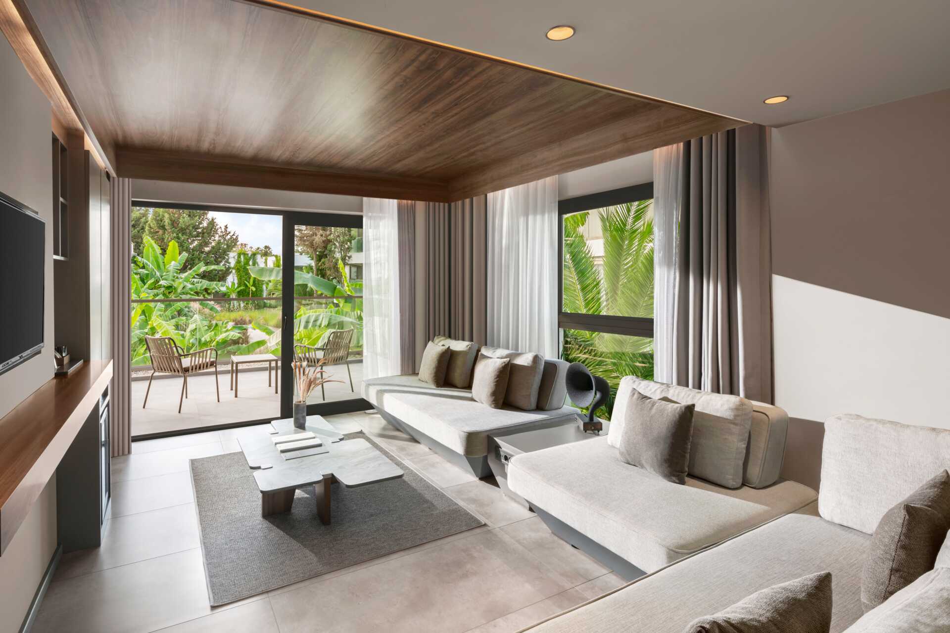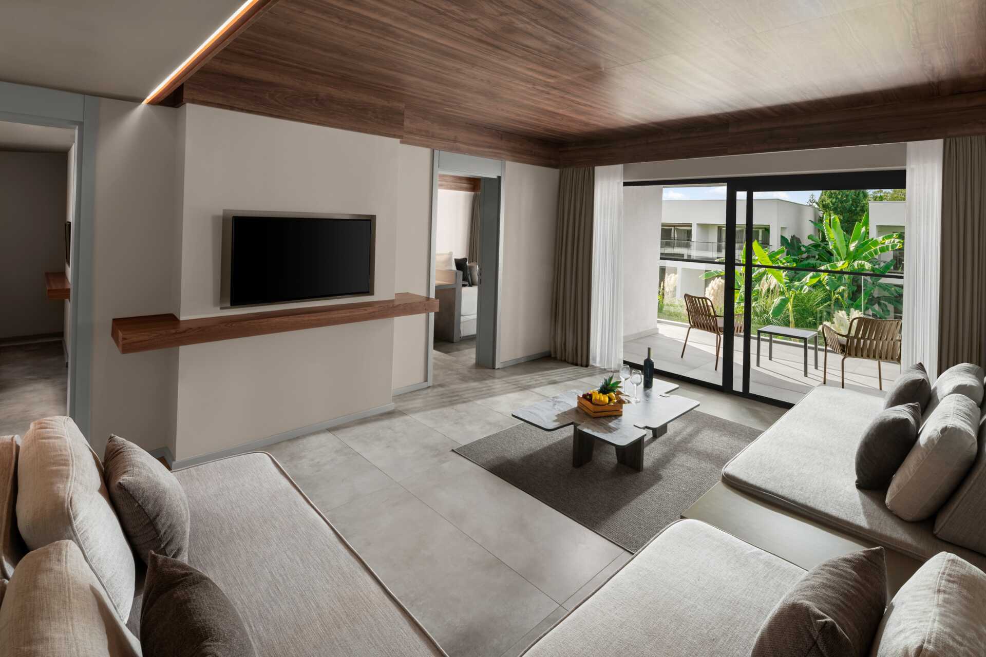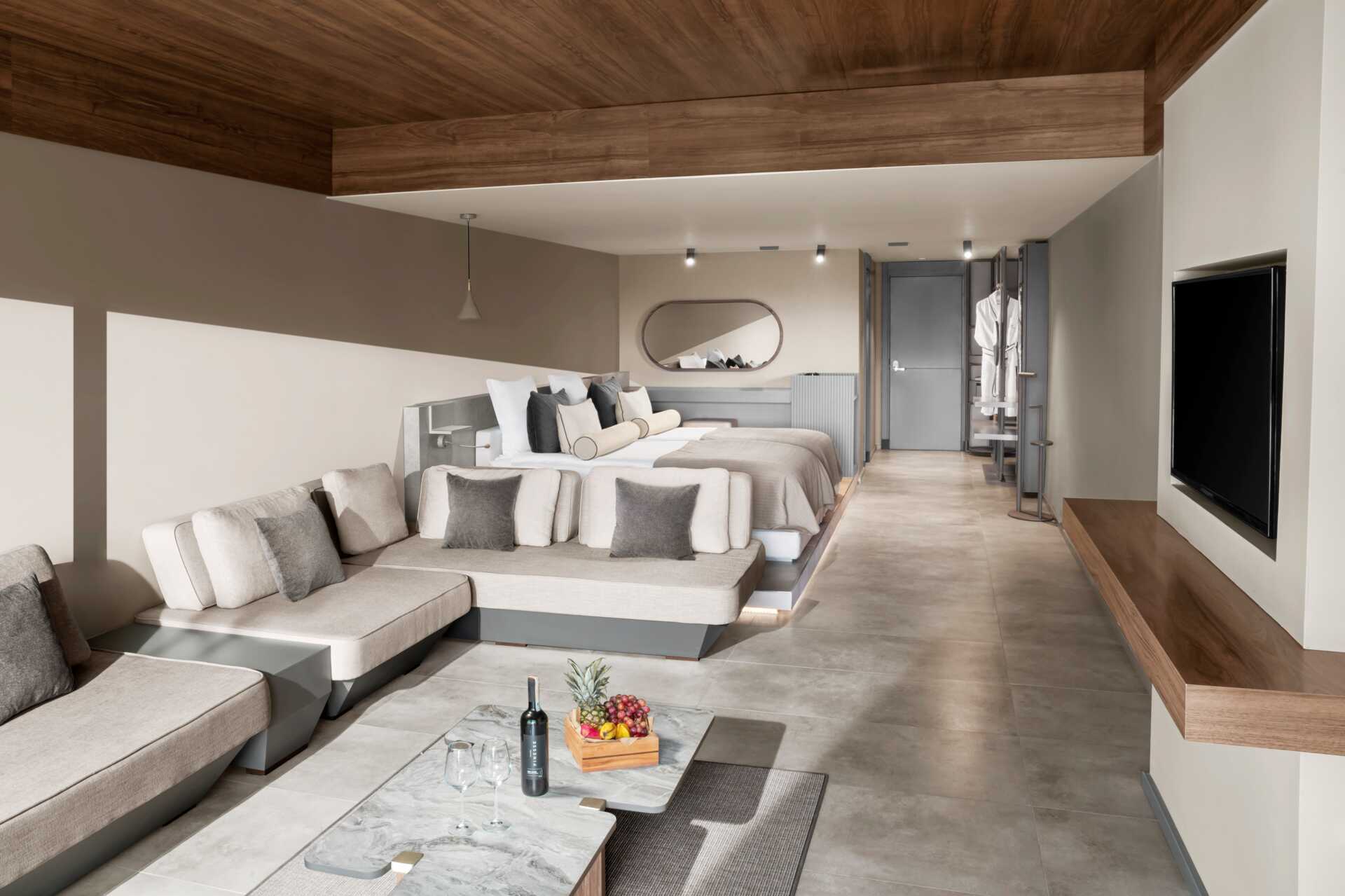 Familjesvit med balkong eller markterrass, vissa med begränsad havsutsikt. Familjesviterna består av ett sovrum och ett vardagsrum. En dubbelsäng eller två enkelsängar. Möjlighet till extrabäddar i bäddsoffa. Wifi, luftkonditionering och deponering ingår. Minibar mot avgift. Vattenkokare samt kaffe och te. Tv med internationalla kanaler. Hårtork. Badrum med badkar och wc. Städning 7 ggr/vecka.
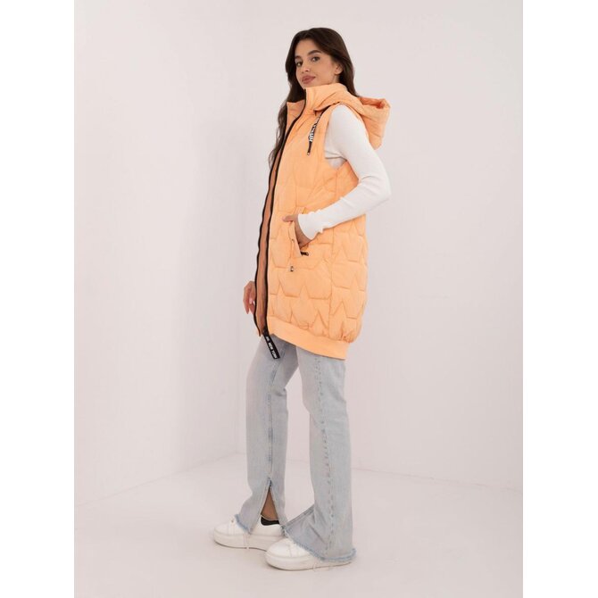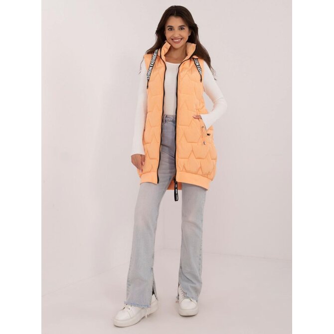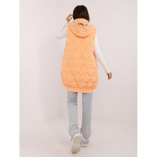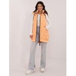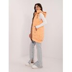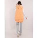 Dámská prošívaná dlouhá vesta s odnímatelnou kapucí ve světleoranžové barvě;
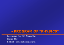 PROGRAM OF “PHYSICS” Lecturer: Dr. DO Xuan Hoi Room 413 E-mail : dxhoi@hcmiu.edu.vn PHYSICS 4 (Wave and Modern Physics) 02 credits (30 periods) Chapter 1 Mechanical Wave Chapter 2 Properties of Light Chapter 3 Introduction to Quantum Physics Chapter 4 Atomic Physics Chapter 5 Relativity and Nuclear Physics References : Halliday D., Resnick R. and Walker, J. (2005), Fundamentals of Physics, Extended seventh edition. John Willey and Sons, Inc. Alonso M. and Finn E.J. (1992). Physics, AddisonWesley Publishing Company Hecht, E. (2000). Physics. Calculus, Second Edition. Brooks/Cole. Faughn/Serway (2006), Serway’s College Physics, Brooks/Cole. Roger Muncaster (1994), A-Level Physics, Stanley Thornes. http://ocw.mit.edu/OcwWeb/Physics/index.htm http://www.opensourcephysics.org/index.html http://hyperphysics.phyastr.gsu.edu/hbase/HFrame.html http://www.practicalphysics.org/go/Default.ht ml http://www.msm.cam.ac.uk/ http://www.iop.org/index.html . . . PHYSICS 4 Chapter 2 Properties of Light A. WAVE OPTICS The Nature of Light Interference of Light Waves Diffraction Patterns Polarization B. GEOMETRIC OPTICS Light Rays The Laws of Reflection and Refraction Mirrors Thin Lenses A. WAVE OPTICS The Nature of Light Interference of Light Waves Diffraction Patterns Polarization 1 The Nature of Light 1.1 Dual nature of light • In some cases light behaves like a wave (classical E & M – light propagation) • In some cases light behaves like a particle (photoelectric effect) • Einstein formulated theory of light: E hf h 6.63 10 34 J s Planck’s constant 1.2 Huygens’s Principle Light travels at 3.00 x 108 m/s in vacuum (travels slower in liquids and solids) In order to describe propagation: Huygens method : All points on given wave front taken as point sources for propagation of spherical waves Assume wave moves through medium in straight line in direction of rays 2 Interference of Light Waves 2.1 Conditions for interference light sources must be coherent (must maintain a constant phase with each other) sources must have identical wavelength superposition principle must apply 2.2 Young’s Double-Slit Experiment • Setup: light shines at the plane with two slits • Result: a series of parallel dark and bright bands called fringes In phases Opposite phases Interference of Sinusoidal Waves y 1 A sin(t Kd 1 ) ; y 2 A sin(t Kd 2 ) ; K y y1 y 2 A sin(t Kd 1 ) A sin(t Kd 2 ) 2 A sin(t Kd1 ) sin(t Kd 2 ) d1 d 2 d d1 2A cos K 2 sin( t K ) 2 2 Amplitude of y depends on the path difference : = d2 - d1 Amplitude of y maximum : M d 2 d1 d d1 K k ; cos K 2 1 ; 2 2 2k d 2 d1 ; d 2 d1 k 2 / Amplitude of y equal to 0 : d1 S1 1 d 2 d1 (k ) 2 d2 S2 The path difference in Young’s Double-Slit Experiment d1 d2 d 2 d1 d sin d tan y d L Positions of fringes on the screen d sin Bright fringes (constructive interference) : d L y BRIGHT k ; y BRIGHT k ki L d Dark fringes (destructive interference) : 1 d 1 y DARK (k ) ; y DARK k i 2 L 2 L i d Angular Positions of Fringes y d L Bright regions (constructive interference) : d sin k Dark regions (destructive interference) : 1 d sin (k ) 2 PROBLEM 1 A viewing screen is separated from a doublelit source by 1.2 m. The distance between the two slits is 0.030 mm. The second-order bright fringe is 4.5 cm from the center line. (a) Determine the wavelength of the light. SOLUTION (a) The position of second-order bright fringe : L L y2 k 2 d d dy 2 (3.0 105 m )(4.5 10 2 m ) 2L 2(1.2 m ) 5.6 107 m 560 nm PROBLEM 1 A viewing screen is separated from a doublelit source by 1.2 m. The distance between the two slits is 0.030 mm. The second-order bright fringe is 4.5 cm from the center line. (b) Calculate the distance between adjacent bright fringes. SOLUTION L L L (b) y k 1 y k (k 1) k i d d d L (5.6 107 m )(1.2 m ) i 2.2 cm 5 d 3.0 10 m PROBLEM 2 A light source emits visible light of two wavelengths: 430 nm and 510 nm. The source is used in a double-slit interference experiment in which L = 1.5 m and d = 0.025 mm. Find the separation distance between the third order bright fringes. SOLUTION L (1.5 m )(430 109 m ) 2 y3 3 3 7.74 10 m 3 0.025 10 m d L (1.5 m )(510 109 m ) 2 y 3' 3 ' 3 9.18 10 m 3 0.025 10 m d y y 3' y 3 9.18 102 m 7.74 102 m 1.40 102 m 1.40 cm PROBLEM 3 SOLUTION 2.3 Intensity distribution of the double-slit. Interference pattern light : electromagnetic wave • suppose that the two slits represent coherent sources of sinusoidal waves : the two waves from the slits have the same angular frequency • assume that the two waves have the same amplitude E0 of the electric field at point P d1 d2 At point P : E 1 E 0 sin(t Kd1 ) ; E 2 E 0 sin(t Kd 2 ) ; K 2 d1 d 2 d 2 d1 E E 1 E 2 2E 0 cos K sin(t K ) 2 2 d d Amplitude of E : 2E 0 cos K 2 1 2E 0 cos K 2 2 d1 d2 At point P : d 2 d 1 2E cos K Amplitude of E : 2E 0 cos K 0 2 2 The intensity of a wave is proportional to the square of the electric field magnitude at that point : I I 0 cos 2 K d 2 d1 d sin d sin I I 0 cos 2 y sin tan ; L dy I I 0 cos L 2 2 2 d sin I I 0 cos 2 2 The intensity maximum : dy d sin n n ; L L sin n ; y n d d d1 d2 PROBLEM 4 SOLUTION PROBLEM 4 SOLUTION I PROBLEM 4 SOLUTION PROBLEM 4 SOLUTION I 2.4 INTERFERENCE IN THIN FILMS • Interference effects are commonly observed in thin films, such as thin layers of oil on water or the thin surface of a soap bubble • The varied colors observed when white light is incident on such films result from the interference of waves reflected from the two surfaces of the film a. Change of phase due to reflection Interference pattern with Lloyd’s mirror P’ is equidistant from points S and S : the path difference is zero bright fringe at P’ ? We observe a dark fringe at P’ There a 180° phase change produced by reflection CONCLUSION : an electromagnetic wave undergoes a phase change of 180° upon reflection from a medium that has a higher index of refraction than the one in which the wave is traveling. Change of phase due to reflection 180° phase change No phase chang

**Instructions for the task**
Your copy should match the material above exactly, minus its pictures.

**Task answer**
 Familjesvit med balkong eller markterrass, vissa med begränsad havsutsikt. Familjesviterna består av ett sovrum och ett vardagsrum. En dubbelsäng eller två enkelsängar. Möjlighet till extrabäddar i bäddsoffa. Wifi, luftkonditionering och deponering ingår. Minibar mot avgift. Vattenkokare samt kaffe och te. Tv med internationalla kanaler. Hårtork. Badrum med badkar och wc. Städning 7 ggr/vecka.
 Dámská prošívaná dlouhá vesta s odnímatelnou kapucí ve světleoranžové barvě;
 PROGRAM OF “PHYSICS” Lecturer: Dr. DO Xuan Hoi Room 413 E-mail : dxhoi@hcmiu.edu.vn PHYSICS 4 (Wave and Modern Physics) 02 credits (30 periods) Chapter 1 Mechanical Wave Chapter 2 Properties of Light Chapter 3 Introduction to Quantum Physics Chapter 4 Atomic Physics Chapter 5 Relativity and Nuclear Physics References : Halliday D., Resnick R. and Walker, J. (2005), Fundamentals of Physics, Extended seventh edition. John Willey and Sons, Inc. Alonso M. and Finn E.J. (1992). Physics, AddisonWesley Publishing Company Hecht, E. (2000). Physics. Calculus, Second Edition. Brooks/Cole. Faughn/Serway (2006), Serway’s College Physics, Brooks/Cole. Roger Muncaster (1994), A-Level Physics, Stanley Thornes. http://ocw.mit.edu/OcwWeb/Physics/index.htm http://www.opensourcephysics.org/index.html http://hyperphysics.phyastr.gsu.edu/hbase/HFrame.html http://www.practicalphysics.org/go/Default.ht ml http://www.msm.cam.ac.uk/ http://www.iop.org/index.html . . . PHYSICS 4 Chapter 2 Properties of Light A. WAVE OPTICS The Nature of Light Interference of Light Waves Diffraction Patterns Polarization B. GEOMETRIC OPTICS Light Rays The Laws of Reflection and Refraction Mirrors Thin Lenses A. WAVE OPTICS The Nature of Light Interference of Light Waves Diffraction Patterns Polarization 1 The Nature of Light 1.1 Dual nature of light • In some cases light behaves like a wave (classical E & M – light propagation) • In some cases light behaves like a particle (photoelectric effect) • Einstein formulated theory of light: E hf h 6.63 10 34 J s Planck’s constant 1.2 Huygens’s Principle Light travels at 3.00 x 108 m/s in vacuum (travels slower in liquids and solids) In order to describe propagation: Huygens method : All points on given wave front taken as point sources for propagation of spherical waves Assume wave moves through medium in straight line in direction of rays 2 Interference of Light Waves 2.1 Conditions for interference light sources must be coherent (must maintain a constant phase with each other) sources must have identical wavelength superposition principle must apply 2.2 Young’s Double-Slit Experiment • Setup: light shines at the plane with two slits • Result: a series of parallel dark and bright bands called fringes In phases Opposite phases Interference of Sinusoidal Waves y 1 A sin(t Kd 1 ) ; y 2 A sin(t Kd 2 ) ; K y y1 y 2 A sin(t Kd 1 ) A sin(t Kd 2 ) 2 A sin(t Kd1 ) sin(t Kd 2 ) d1 d 2 d d1 2A cos K 2 sin( t K ) 2 2 Amplitude of y depends on the path difference : = d2 - d1 Amplitude of y maximum : M d 2 d1 d d1 K k ; cos K 2 1 ; 2 2 2k d 2 d1 ; d 2 d1 k 2 / Amplitude of y equal to 0 : d1 S1 1 d 2 d1 (k ) 2 d2 S2 The path difference in Young’s Double-Slit Experiment d1 d2 d 2 d1 d sin d tan y d L Positions of fringes on the screen d sin Bright fringes (constructive interference) : d L y BRIGHT k ; y BRIGHT k ki L d Dark fringes (destructive interference) : 1 d 1 y DARK (k ) ; y DARK k i 2 L 2 L i d Angular Positions of Fringes y d L Bright regions (constructive interference) : d sin k Dark regions (destructive interference) : 1 d sin (k ) 2 PROBLEM 1 A viewing screen is separated from a doublelit source by 1.2 m. The distance between the two slits is 0.030 mm. The second-order bright fringe is 4.5 cm from the center line. (a) Determine the wavelength of the light. SOLUTION (a) The position of second-order bright fringe : L L y2 k 2 d d dy 2 (3.0 105 m )(4.5 10 2 m ) 2L 2(1.2 m ) 5.6 107 m 560 nm PROBLEM 1 A viewing screen is separated from a doublelit source by 1.2 m. The distance between the two slits is 0.030 mm. The second-order bright fringe is 4.5 cm from the center line. (b) Calculate the distance between adjacent bright fringes. SOLUTION L L L (b) y k 1 y k (k 1) k i d d d L (5.6 107 m )(1.2 m ) i 2.2 cm 5 d 3.0 10 m PROBLEM 2 A light source emits visible light of two wavelengths: 430 nm and 510 nm. The source is used in a double-slit interference experiment in which L = 1.5 m and d = 0.025 mm. Find the separation distance between the third order bright fringes. SOLUTION L (1.5 m )(430 109 m ) 2 y3 3 3 7.74 10 m 3 0.025 10 m d L (1.5 m )(510 109 m ) 2 y 3' 3 ' 3 9.18 10 m 3 0.025 10 m d y y 3' y 3 9.18 102 m 7.74 102 m 1.40 102 m 1.40 cm PROBLEM 3 SOLUTION 2.3 Intensity distribution of the double-slit. Interference pattern light : electromagnetic wave • suppose that the two slits represent coherent sources of sinusoidal waves : the two waves from the slits have the same angular frequency • assume that the two waves have the same amplitude E0 of the electric field at point P d1 d2 At point P : E 1 E 0 sin(t Kd1 ) ; E 2 E 0 sin(t Kd 2 ) ; K 2 d1 d 2 d 2 d1 E E 1 E 2 2E 0 cos K sin(t K ) 2 2 d d Amplitude of E : 2E 0 cos K 2 1 2E 0 cos K 2 2 d1 d2 At point P : d 2 d 1 2E cos K Amplitude of E : 2E 0 cos K 0 2 2 The intensity of a wave is proportional to the square of the electric field magnitude at that point : I I 0 cos 2 K d 2 d1 d sin d sin I I 0 cos 2 y sin tan ; L dy I I 0 cos L 2 2 2 d sin I I 0 cos 2 2 The intensity maximum : dy d sin n n ; L L sin n ; y n d d d1 d2 PROBLEM 4 SOLUTION PROBLEM 4 SOLUTION I PROBLEM 4 SOLUTION PROBLEM 4 SOLUTION I 2.4 INTERFERENCE IN THIN FILMS • Interference effects are commonly observed in thin films, such as thin layers of oil on water or the thin surface of a soap bubble • The varied colors observed when white light is incident on such films result from the interference of waves reflected from the two surfaces of the film a. Change of phase due to reflection Interference pattern with Lloyd’s mirror P’ is equidistant from points S and S : the path difference is zero bright fringe at P’ ? We observe a dark fringe at P’ There a 180° phase change produced by reflection CONCLUSION : an electromagnetic wave undergoes a phase change of 180° upon reflection from a medium that has a higher index of refraction than the one in which the wave is traveling. Change of phase due to reflection 180° phase change No phase chang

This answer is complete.